Variability of the Atlantic Meridional Overturning Circulation (AMOC) is usually represented by a simple index, typically the maximum meridional overturning streamfunction value at a certain latitude in the North Atlantic, or the principle components associated with stationary EOFs of the meridional overturning streamfunction field. However, natural variation of AMOC is known to exhibit different spatial patterns of behavior, suggesting the inadequacy of using a single index. There is an analogy with the behavior exhibited in the tropical Pacific ocean-atmosphere variability, where the Nino3.4 index was used to represent the state of the El Nino-Southern Oscillation, but actually combines two coupled ocean-atmosphere behaviors now known to be distinct - the so called ‘cold tongue’ and ‘central Pacific’ El Ninos. Following a method previously used to extract tropical ocean-atmosphere coupled modes of variability, we apply maximum covariance analysis (MCA) to understand the relationship between AMOC forcing - here upper-ocean temperature (T) and salinity (S) over the high-latitude North Atlantic – and AMOC response, in a long control simulation of the Community Earth System Model version 1 (CESM1).
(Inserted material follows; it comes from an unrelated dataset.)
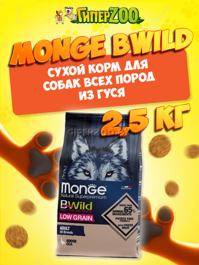 Monge BWild Low Grain Adult All Breeds (гусь), 2,5 кг - это сбалансированный низкозерновой корм для собак всех пород с мясом гуся.это полноценный и сбалансированный корм для взрослых собак.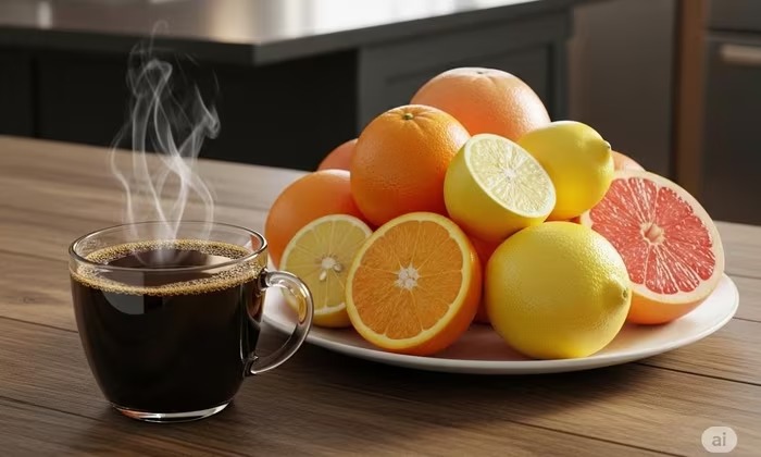 1. Không nên uống cà phê cùng lúc với trái cây họ cam quýt

Two distinct MCA modes of significance are found, the first characterized by a basin-wide meridional overturning pattern that leads changes to T and S in the North Atlantic. The second is a forced response whereby T and S changes in the North Atlantic leads to a meridional overturning response localized over the North Atlantic. The ‘localized’ MOC response leads the ‘basinwide’ MOC response by a few years, suggesting that the former evolves to the latter response; indeed, this behavior is seen in the transient response of CESM1 to an NAO-like buoyancy forcing in the North Atlantic. A linear combination of the two modes accounts for most of a standard AMOC index, suggesting that the AMOC index captures a combination of these two behaviors. Application of the same method to a control simulation of the GFDL-ESM2M coupled model shows that the ‘basinwide’ pattern dominates, indicating the very different nature of AMOC variability in that model.